Cluster analysis Documentation

General

This program is under development. Check your results carefully.

The Python script 'clusterana.py' is used to extract more detailed information from the data produced by the script clusterstat.py. The program requires a completed or partly completed run of clusterstat.py. The program reads the restart file generated by clusterstat to extract the system information. In particular, the script allows to check the accuracy of the cluster expansion under consideration or negligence of selected clusters.

Usage

To start calculating the clusters type:

clusterana [-opt] input_file

Possible options can be obtained with

clusterana -h

-------------------------------------------------------------------------------
Purpose:     Statistical analysis for the cluster expansion
             of a potential surface.

Usage:       clusterana [-deb -ver -h -? ] inputfile.inp

  -deb       Run in debug mode (more detailed logging).
  -D <name>  The name directory of a clusterstat run.
  -ver       Print version info.
  -h -?      Print this help text. 

Further analysis of data produced by statistical analysis program
'clusterstat'. This requires an (at least partly) completed run
of 'clusterstat'. The system information is obtained from the restart
file of 'clusterstat'.
-------------------------------------------------------------------------------

Input Documentation

The input needed by clusterana in general follows the rules of the usual MCTDH input. The input is organized in three sections:

Section	Description
RUN	What is to be done.
EXPANSION	Specification of the expansion terms. (optional)
COORDINATES	modification of the coordinate ranges (optional).
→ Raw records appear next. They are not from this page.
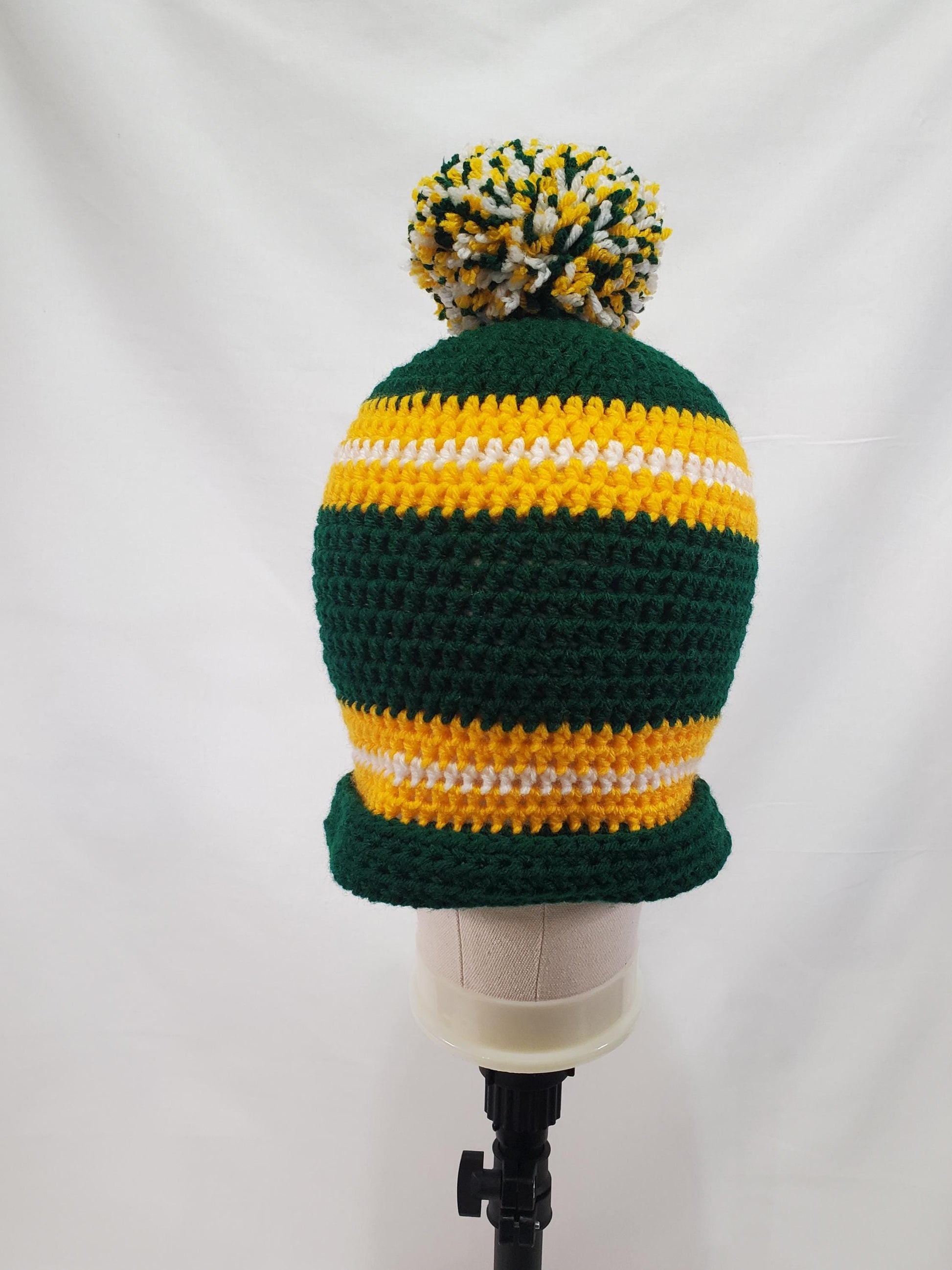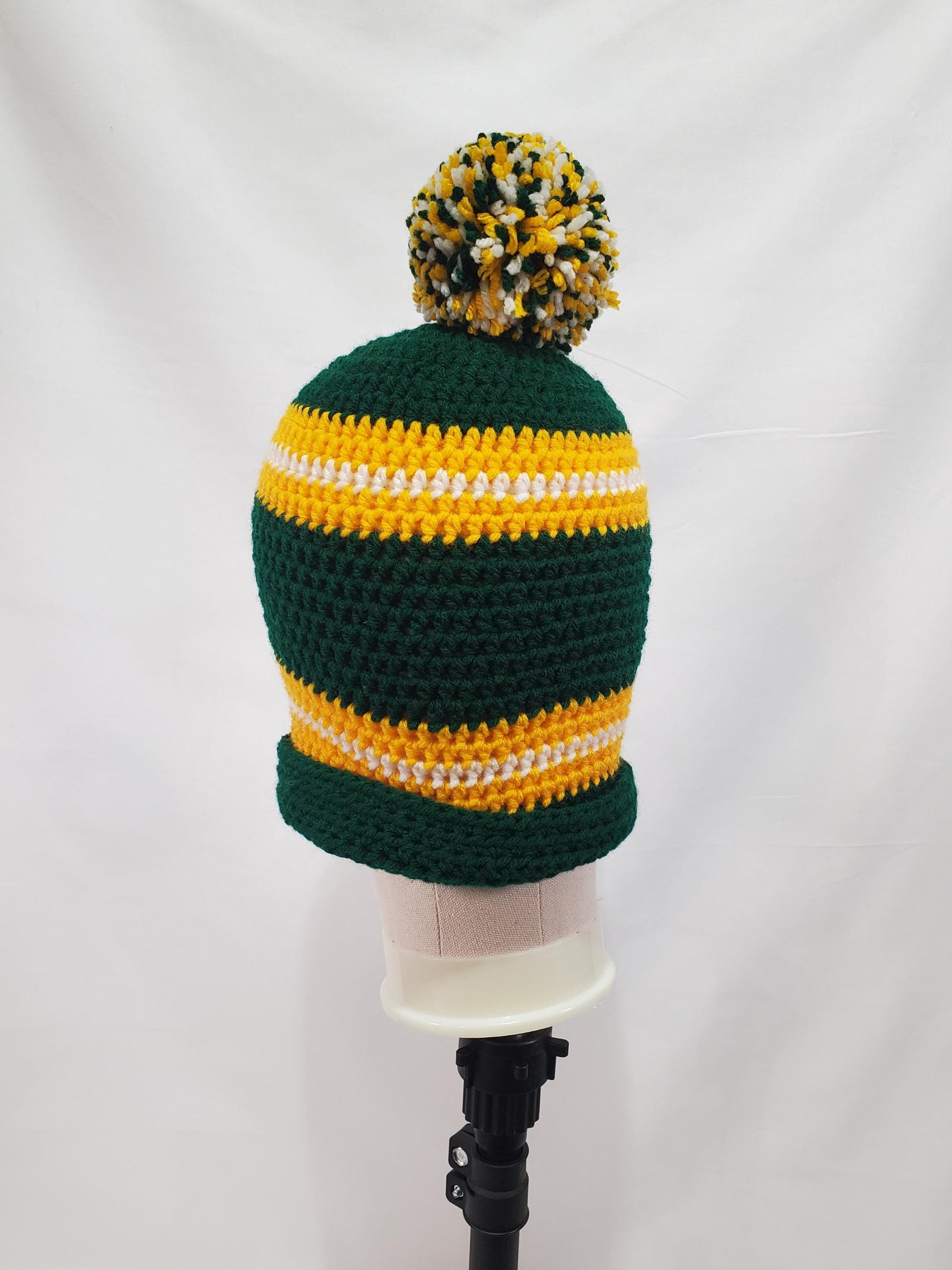 Green Bay Packers Inspired Crochet Beanie With A Pom, Adult Size Medium, Made From 100% Of Acrylic yarn
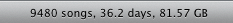 0 Nick H. Supervisor Posted February 14, 2011 Supervisor Share Posted February 14, 2011 5012 songs, just under 30GB. Apparently I could listen to music non stop for 14 days without hearing the same song twice...well, not quite since there are a couple of duplicates thanks to compilation albums. Link to comment Share on other sites More sharing options...
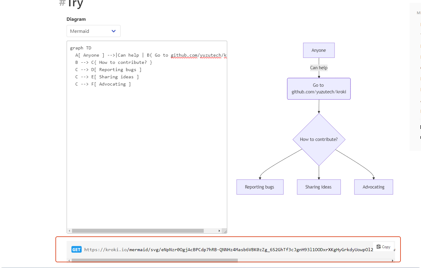 Kroki 暴露的是一个简单的 HTTP 接口,你可以用 GET 或 POST 来调用。
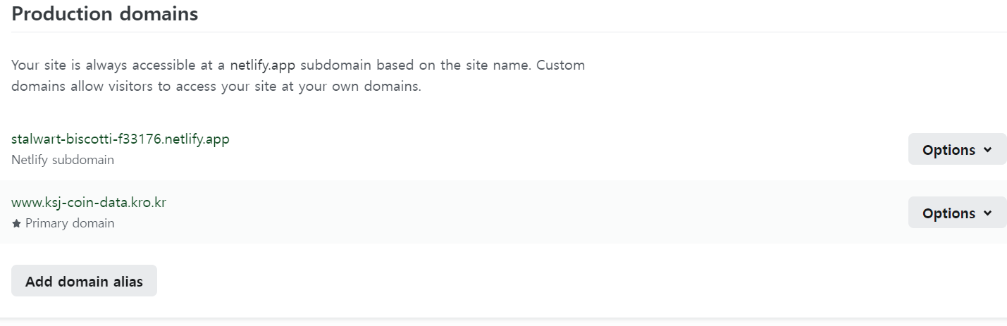 연결한 도메인 옆에 awaiting dns 문구가 있을 것이다. netlify에서 인증서를 발급 중인 것이므로 한 두시간 있다가 다시 확인해본다.
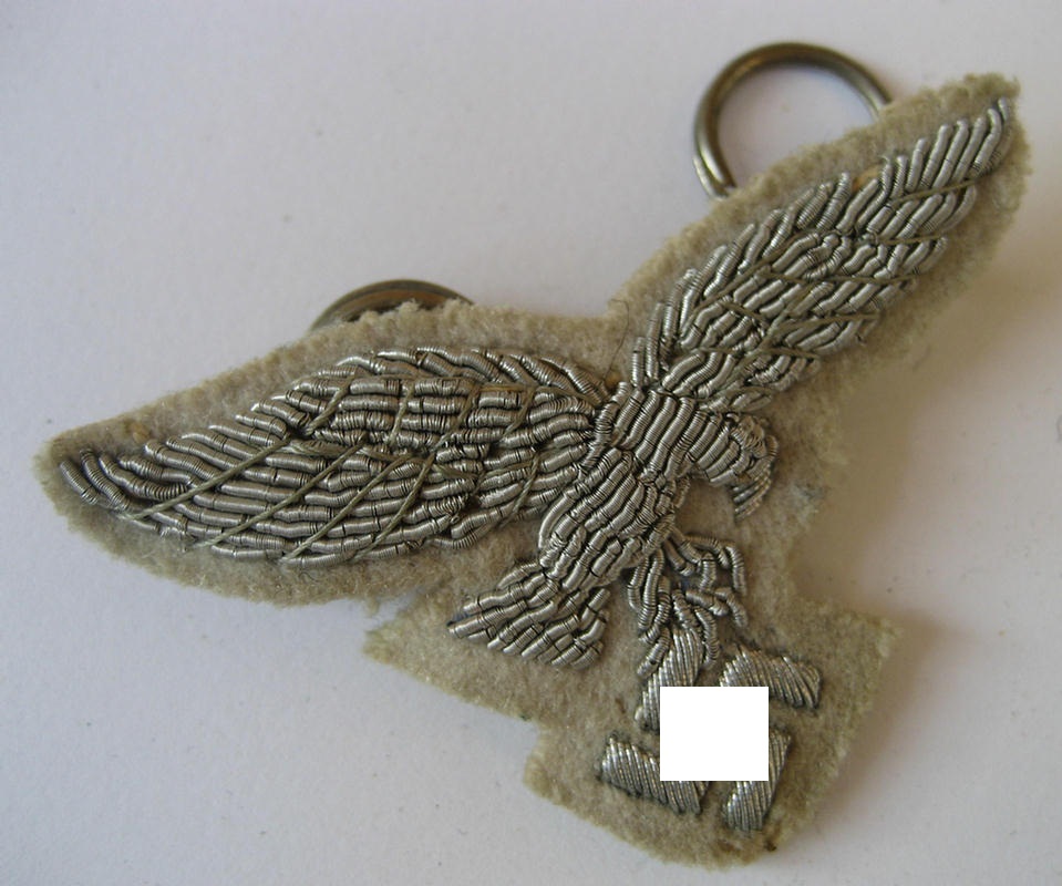 This is a truly rare WH (Luftwaffe) (removable) officers' visor-cap eagle, hand-embroidered on white wool, as was used for the white-topped LW officer-type visor-caps. The eagle - which is IMO clearly used and cap-removed - is in a nice condition overall: it shows some minor discoloration and staining and still retains it copper-coloured back-plate (having two rings attached for easy affixing/removing it to/from the cap). The eagle has great detail (extraordinary embroidery!) and can of course easily be used to restore a white-topped LW cap. A truly rare piece of cloth insignia!
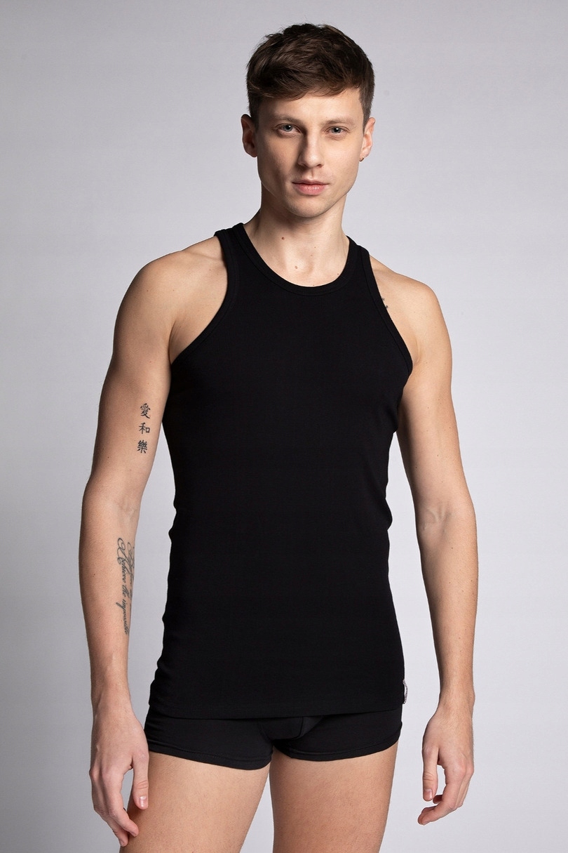 Klasyczna podkoszulka męska, 100% bawełna prążkowana, wąskie ramiączka. Idealny wybór. Opakowanie zawiera jedną sztukę produktu. Skład materiału: 100% bawełna.
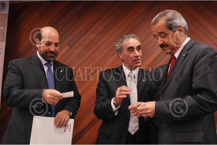MÉXICO, D.F., 01OCTUBRE2010.- Hector Slim Seade, director de Teléfonos de México junto a Patrick Slim Domit, Jose Ángel Cordova Villalobos, Secretario de Salud Federal y Daniel Karam durante el inicio de la semana nacional de donación de órganos. FOTO: EDUARDO MORALES/CUARTOSCURO.COM
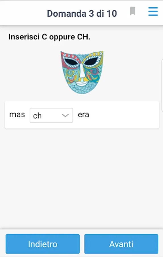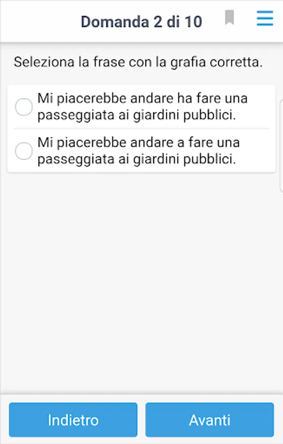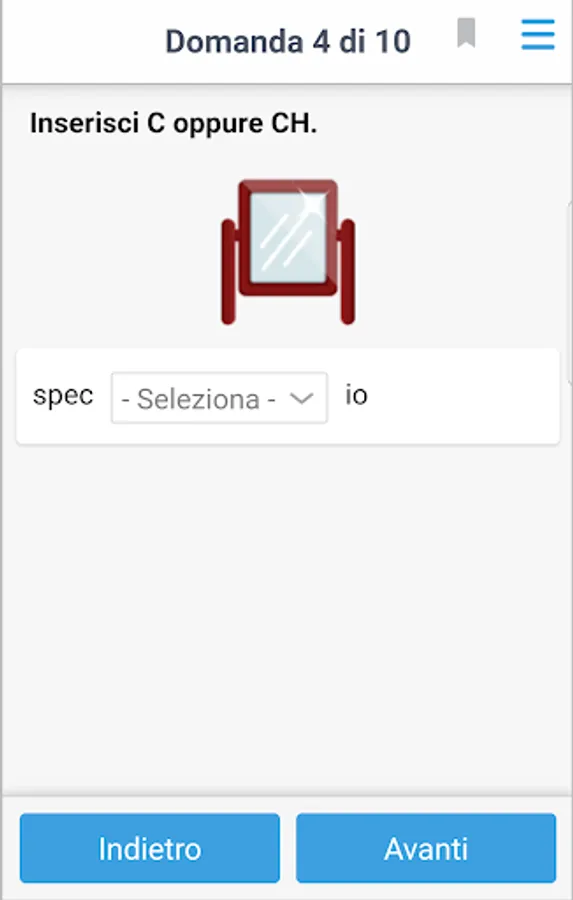 For each of these three sections we are proposed specific exercises, whose requests (for batteries 10) are randomly extracted from large repertoires of questions.
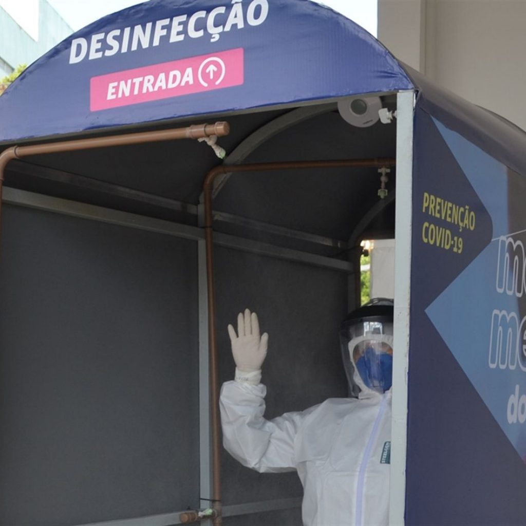 O túnel de desinfecção funcionará para os profissionais que retornarem aos atendimentos relacionados aos casos suspeitos ou confirmados da Covid-19, ainda com os equipamentos.
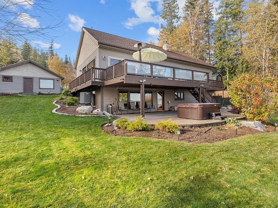 Rarely Available Murphy Bay waterfront home with 116' of frontage! Amazing 180 degree water, mountain and city views from this well-appointed two-level home on double waterfront lots. Sandy beach and large dock with a new boat lift. Contemporary open concept with water views from nearly every room. Home remodeled in 2020. Upgrades include smart features, Vyve broadband, LVP flooring, recessed lighting, tankless water heater, window tinting and remote blinds to name a few. Kitchen boasts new stainless steel appliances with plenty of storage plus opens to the dining and living room. The large en suite master opens to the wrap around deck and includes a walk-in closet, large tub and shower. Beautiful fireplaces on each level give warm inviting spaces to entertain or relax. The lower level contains two bedrooms, full bath, large laundry and utility room with dog bath/storage. Lower family room with great views plus opens to the covered patio with the new spa steps away. Oversized garage including a shop area, work bench and plenty of storage for toys. Minutes to town by boat and car with close proximity to hiking and walking trails. A premium waterfront escape!
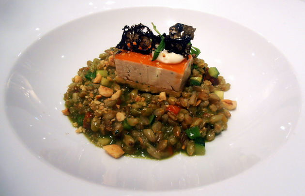 Turbolyás vaj, meleg tönkölybúza „rizottó”, langyos velőtorta, cukorborsó, kamilla, koriander, mogyoró, a színek, formák, hőmérsékletek és textúrák remek játéka, egyfajta kása, sok ízzel és élménnyel, fekete tintahal tinta-croquant. Kiválóan kivitelezett, kiváló étel, melyet a furminthoz is illőnek éreztem.
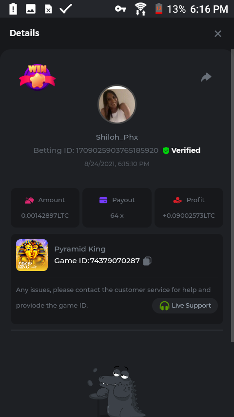 Shiloh_Phx Posted August 25, 2021 Share Posted August 25, 2021 Bet ID: #27151670848782991 Egyptian Adventures 269.4x Betid: 74379070287 pyramid king 64x Link to comment Share on other sites More sharing options...
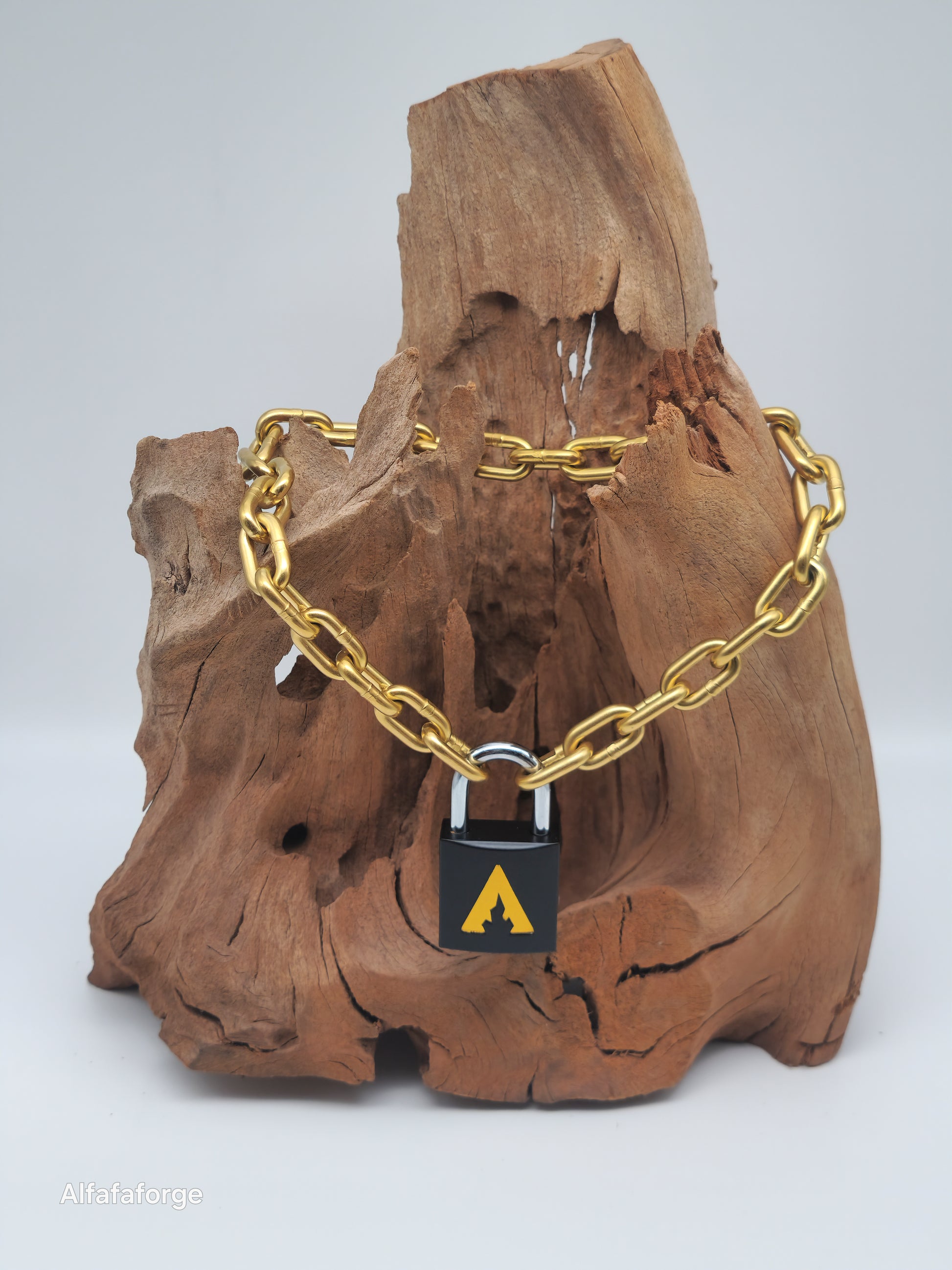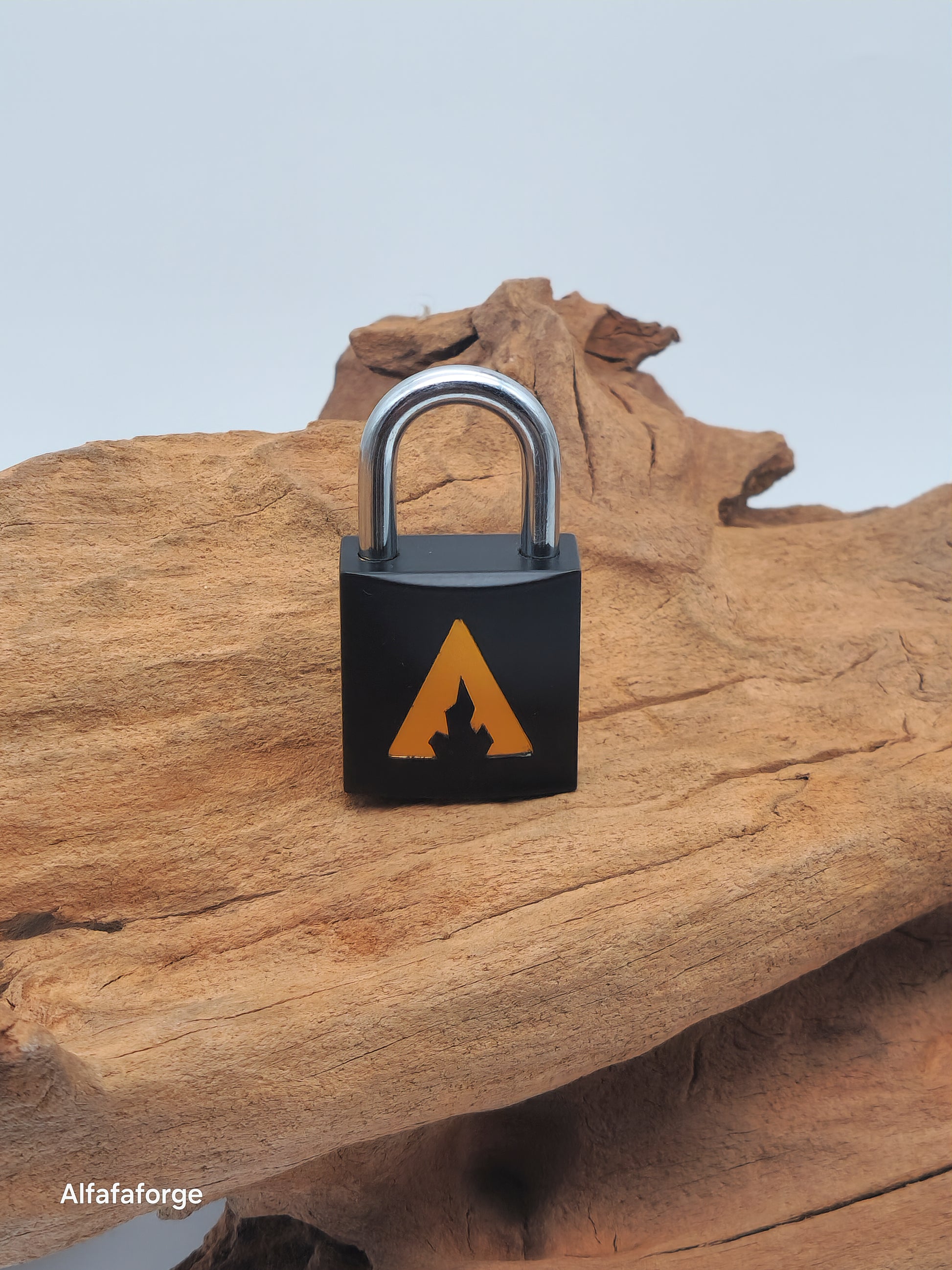 Mit der Alfa-Kollektion hast Du Dich für unser charakteristisches Markenlogo entschieden, das ein einfaches, aber markantes Design mit geraden Kanten aufweist. Diese Version hat ein Flare gelbes Logo auf einem schwarzen Vorhängeschloss.

Example inputs can be found in $MCTDH_DIR/inputs/clusters/statistics.

RUN-SECTION

Required keywords
Keyword	Description
name = S	The 'name' directory of the previous clusterstat run and directory to which output files are written.
Optional keywords
Keyword	Description
steps = I (,I1)	The number of Monte-Carlo steps to be processed. If one value is given, the first I steps are read, if two numbers are given, steps I to I1 are read. Default: all steps will be processed.
logminmax = I (,I1)	Enable logging of the set of samples with the smallest and lowest values concerning the true potential, the approximated potential and the difference between them. The first number denotes the maximum number of samples to be logged, the second, if given, the minimum number of samples to be skipped before the next sample can be logged. This can be used to avoid logging of all samples when the random walker is in a certain region of the PES that produces large errors etc.
count-samples = R,R1 (,S)	Count the number of samples for which the contribution of a cluster is NOT in the region between R and R1. S is a unit, i.e., one of `"cm-1"`, `"eV"`, `"meV"`, `"au"`, `"kcal/mol"` or `"kJ/mol"`.
densities = S (,S1)	Calculate 1D and/or 2D densities (histograms) for the coordinate vectors of the random walker. S and S1 can be one of "1D" and "2D". If "1D" is set, all one-dimensional densities are calculated, if "2D" is set, all two-dimensional densities are calculated. Requires keyword "bins".
bins = I	The number of bins used in the calculation of the densities.
outunit = S	Unit in which the output is written. Default: same as used in the clusterstat run.
overwrite	Allow overwriting of existing files in the 'name' directory. Similar to option -w in the command line.
mean	Write order-dependent and reference-dependent cumulative mean error of the cluster expansion to file.
rms	Write order-dependent and reference-dependent cumulative root-mean-square error of the cluster expansion to file.
auto	Calculate the auto-correlation of the trajectory of the random walker to file (to check the quality of the random walk).
cluster-statistics	Write detailed statistics for each cluster to file.

EXPANSION-SECTION

The EXPANSION-SECTION if given, is used to define which of the clusters calculated in the clusterstat run are to be used to approximate the PES. Only the clusters specified here will be included in the calculation of mean and RMS values as specified in the RUN-SECTION.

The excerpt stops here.